» **To do**
The answer must consist solely of the lines from the line with "Russia planned and" to the final line of the data below, reproduced exactly, pictures omitted.

Entries taken from a collection
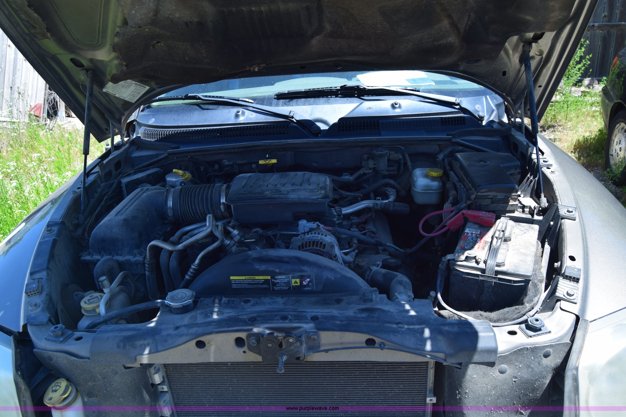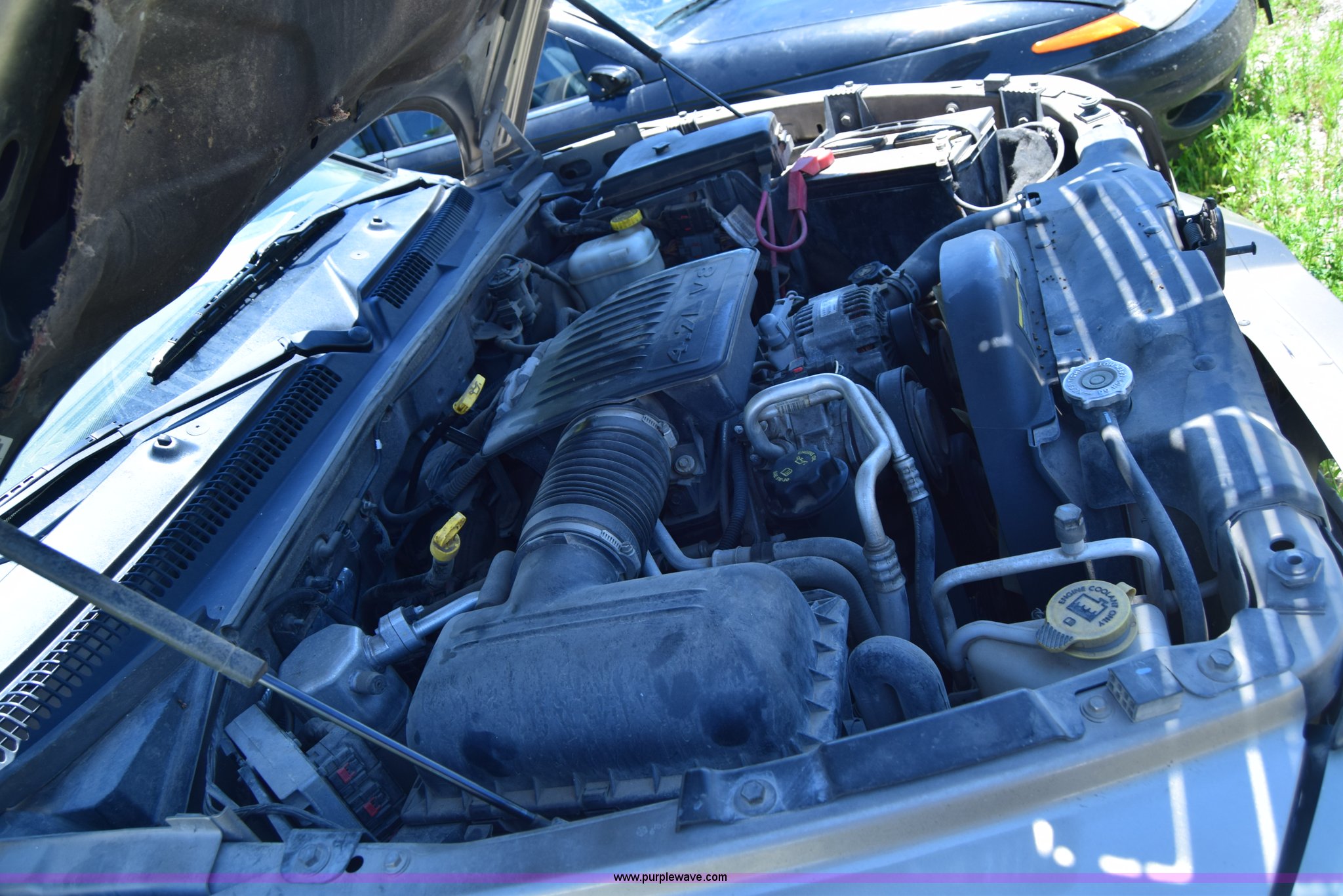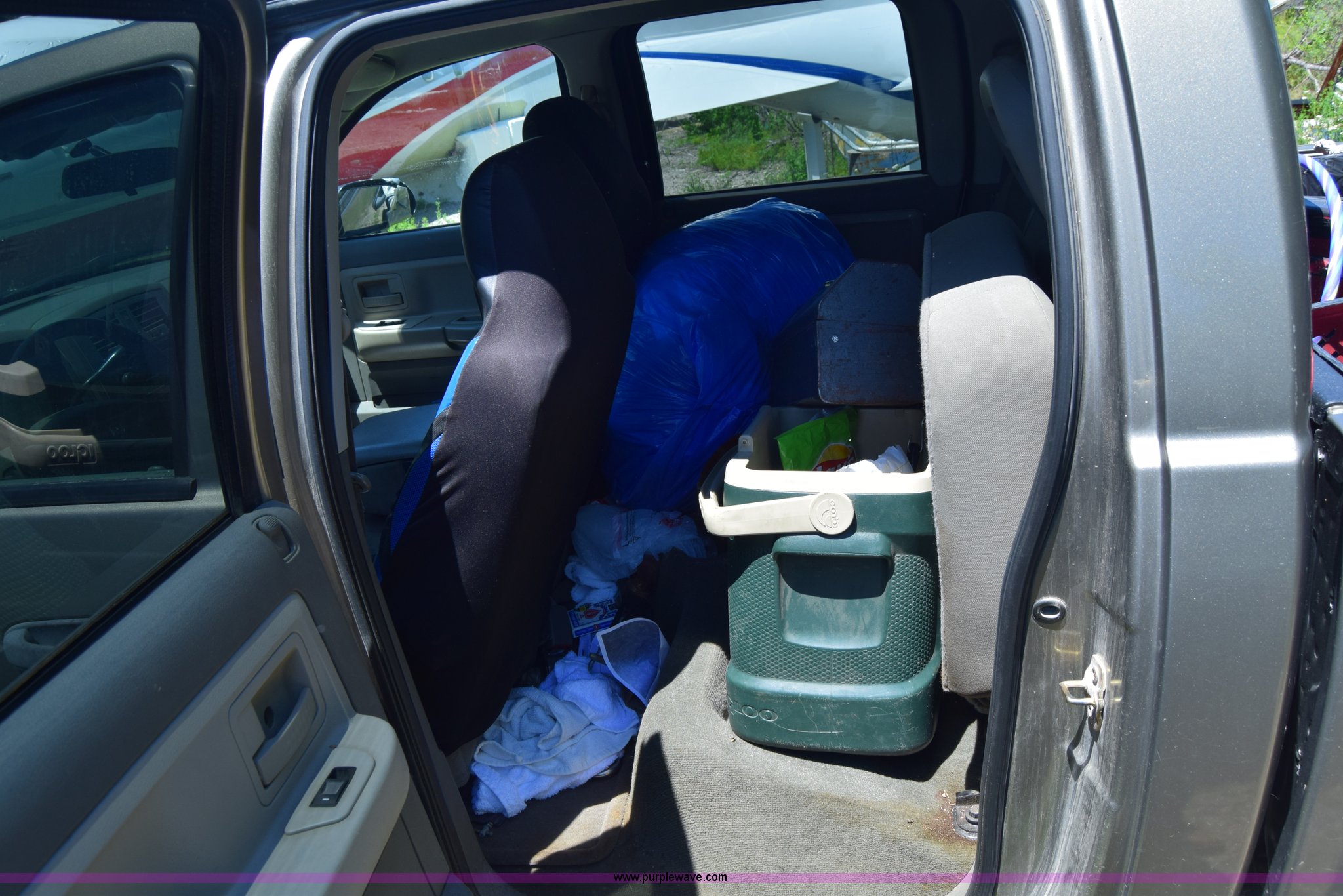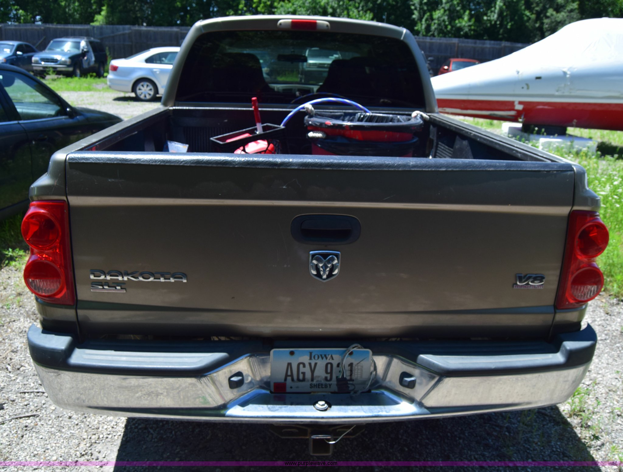 Purple Wave is selling a used Compact Pickup or Van in Kansas. This item is a 2006 Dodge Dakota SLT Quad Cab pickup truck with the following: Unknown miles on odometer, 4.7L V8 SOHC 16V gas engine, Automatic transmission, Four wheel drive, AC and heat, Tilt, Cruise, AM/FM/CD, Power windows and locks, Cloth interior, Bed liner, Receiver hitch, 245/70R16 tires, Interior/exterior cosmetic damage, Dents, Scratches, Rust, Mirror damaged, Front bumper damage, Right fender damage, Battery dead, Contents included, Unknown operating condition
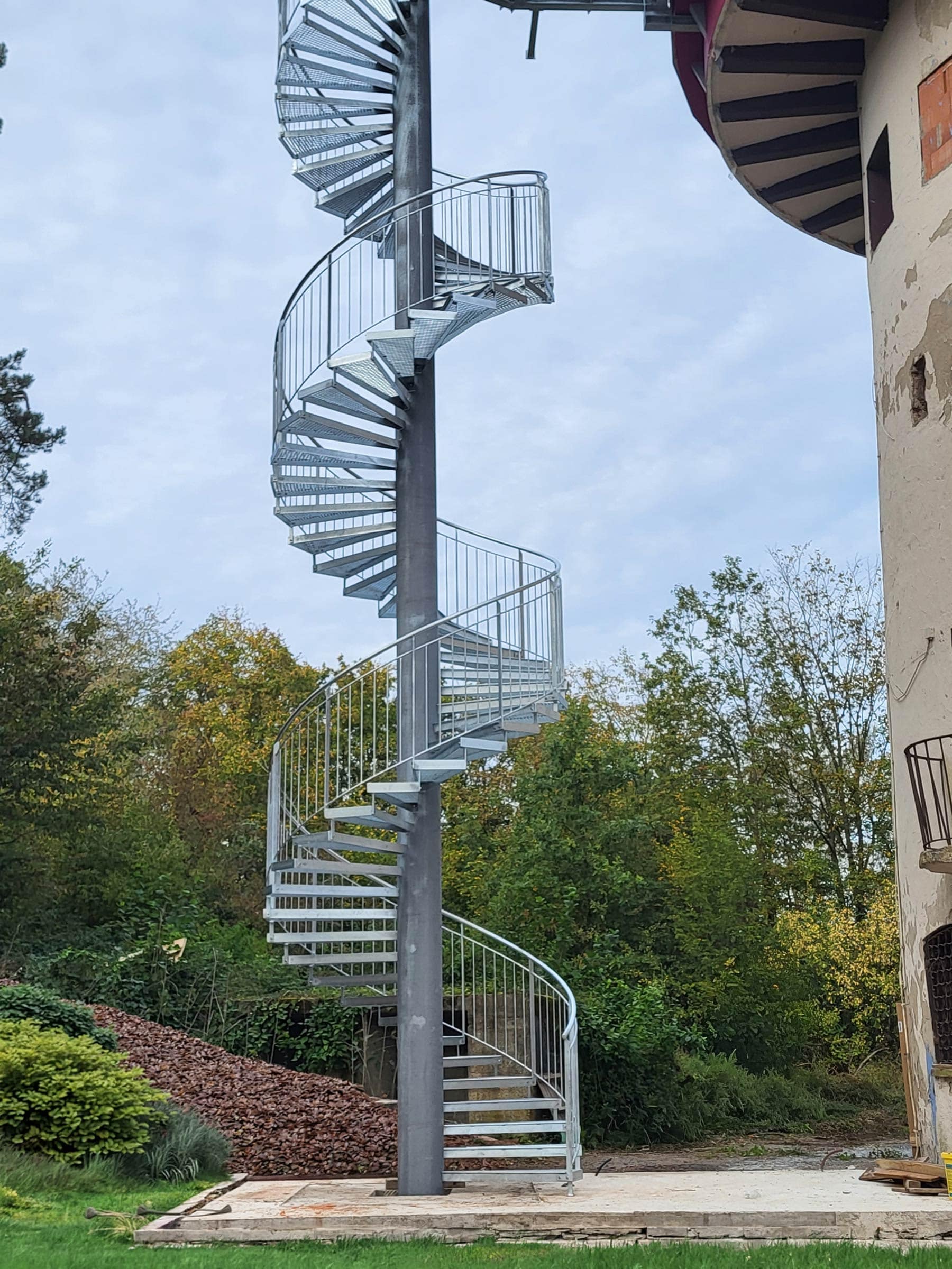 Ein Treppenturm aus Stahl ist die ideale Lösung, wenn es um sichere, langlebige und platzsparende Aufgänge im Außenbereich geht. Ob als Fluchttreppe, Zugang zu oberen Etagen oder Verbindung verschiedener Gebäudeteile – Treppentürme vereinen Funktionalität mit durchdachtem Design. Dank ihrer klaren Struktur wirken sie robust, modern und fügen sich harmonisch in unterschiedliche Architekturkonzepte ein.
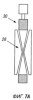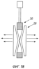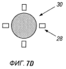 Расширяемая оправка показана на фиг.7A-7D и содержит ряд пальцев 28, которые расположены радиального вокруг конической оправки 30. На фиг.7А, 7С показаны виды сбоку и сверху соответственно. При проталкивании или протягивании оправки 30 через пальцы 28 они расходятся радиально наружу, как показано на фиг.7B, 7D. Расширяемую оправку используют таким же способом, как элемент механического пакера для развертывания бистабильной расширяемой трубы и соединителя.
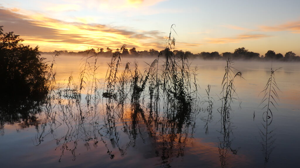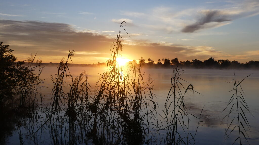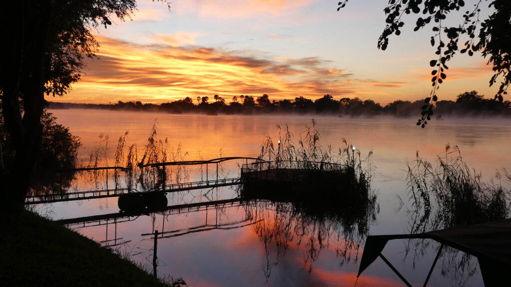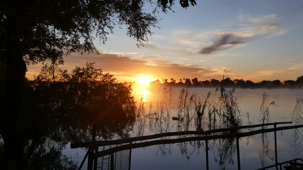 Ein neuer Tag. Ein letzter Tag. Nun auch für Lore und mich. Über dem Sambesi geht die Sonne auf, als wolle sie es uns heute besonders schwer machen, „Servus“ zu sagen.
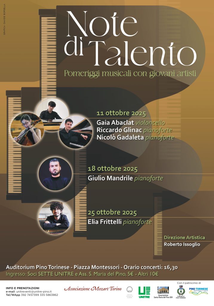 Nel mese di ottobre, a Pino Torinese, arriva “Note di Talento”, la rassegna organizzata dall’Associazione Mozart Torino in collaborazione con l’Unitre Pino Torinese e l’Associazione Santa Maria del Pino, con il patrocinio del Comune di Pino Torinese. La direzione artistica è affidata al Maestro Roberto IssoglioTre pomeriggi all’insegna della grande musica con protagonisti giovani interpreti di straordinaria sensibilità: la violoncellista Gaia Abaclat e i pianisti Riccardo Glinac, Nicolò Gadaleta, Giulio Mandrile ed Elia Frittelli.I concerti si terranno sabato 11, 18 e 25 ottobre 2025 presso l’Auditorium del Centro Polifunzionale (Piazza Montessori), alle ore 16:30.
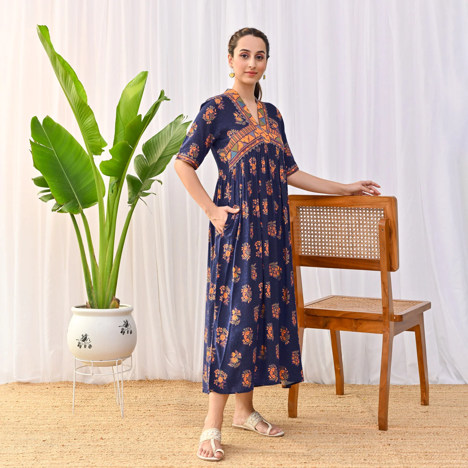 Peppy Blue V Neck Alia Cut Gathered Dress
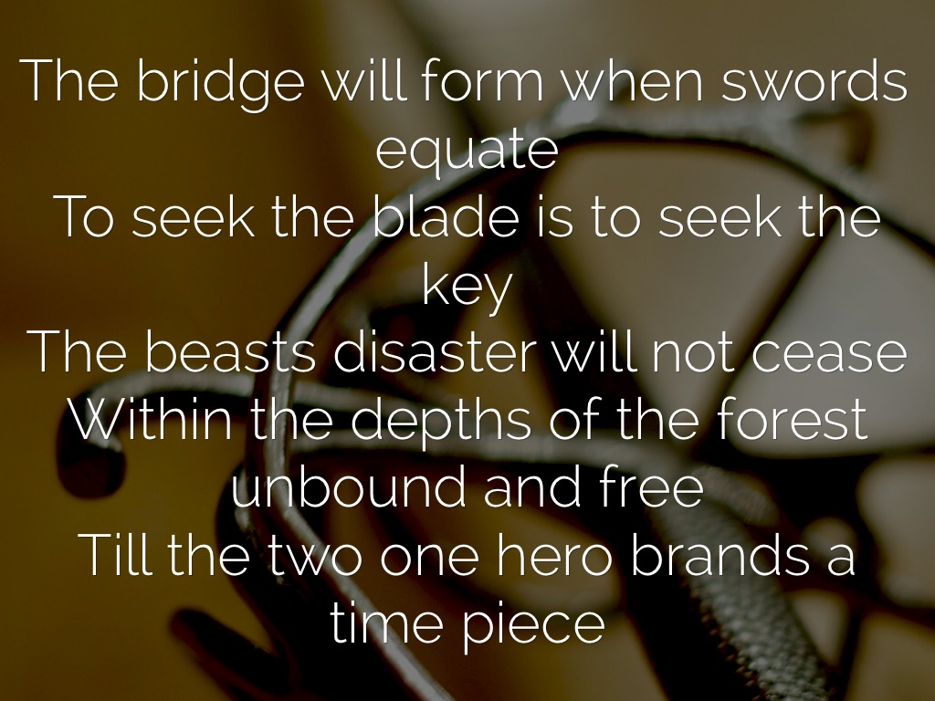 The bridge will form when swords equate To seek the blade is to seek the key The beasts disaster will not cease Within the depths of the forest unbound and free Till the two one hero brands a time piece
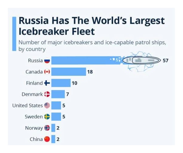 Russia planned and built for an Arctic opening long before commercial traffic increased, and that preparation explains its present advantage. The Russian state controls the largest share of coastline bordering the NSR, has invested in port modernisation at Murmansk and other hubs, and continues to expand state services for navigation, rescue, and environmental monitoring that underpin regularised shipping. Rosatom and state operators now claim operational oversight of ice reports, traffic control and merchant support along the corridor, and their programme of nuclear and conventional icebreaker construction remains unmatched by any single rival.
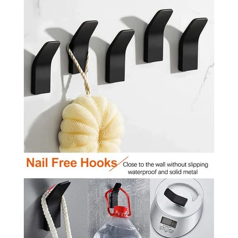 design décoratif moderne: Le auto-adhésif Crochets adopte un design d’angle Arrondi, courbé pour Prevent scratching.Beautiful mat revêtement noir résistant aux égratignures de tous les jours pour assurer une résistance et une durabilité et élégant manteau recherche crochets outils adaptés à la plupart des décors
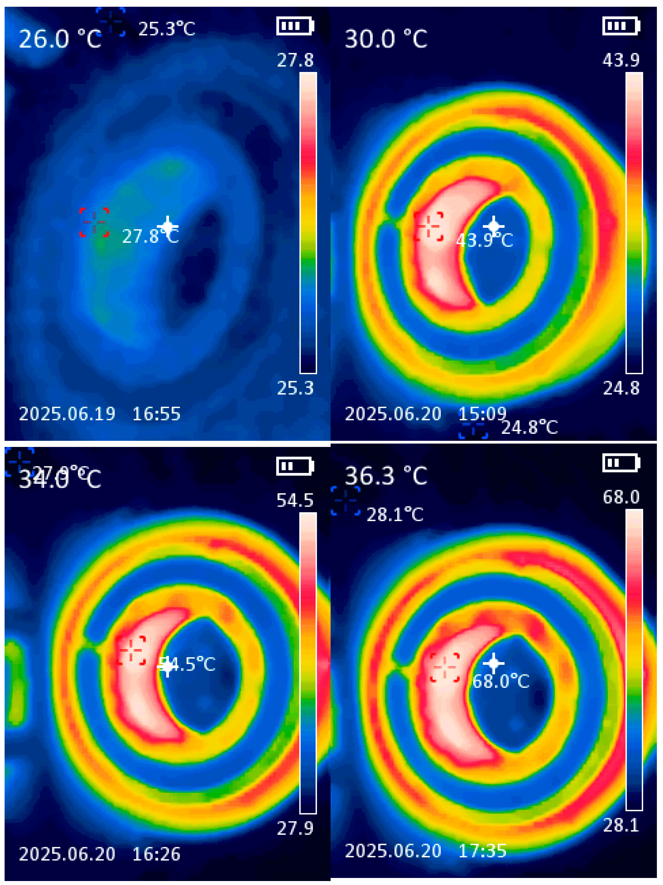 Figure 27). For each step, the current was held until the coil temperature stabilized for 5 min (it took more than 1 h for each step to reach a steady-state value).

» **Problem solution**
 Russia planned and built for an Arctic opening long before commercial traffic increased, and that preparation explains its present advantage. The Russian state controls the largest share of coastline bordering the NSR, has invested in port modernisation at Murmansk and other hubs, and continues to expand state services for navigation, rescue, and environmental monitoring that underpin regularised shipping. Rosatom and state operators now claim operational oversight of ice reports, traffic control and merchant support along the corridor, and their programme of nuclear and conventional icebreaker construction remains unmatched by any single rival.
 design décoratif moderne: Le auto-adhésif Crochets adopte un design d’angle Arrondi, courbé pour Prevent scratching.Beautiful mat revêtement noir résistant aux égratignures de tous les jours pour assurer une résistance et une durabilité et élégant manteau recherche crochets outils adaptés à la plupart des décors
 Figure 27). For each step, the current was held until the coil temperature stabilized for 5 min (it took more than 1 h for each step to reach a steady-state value).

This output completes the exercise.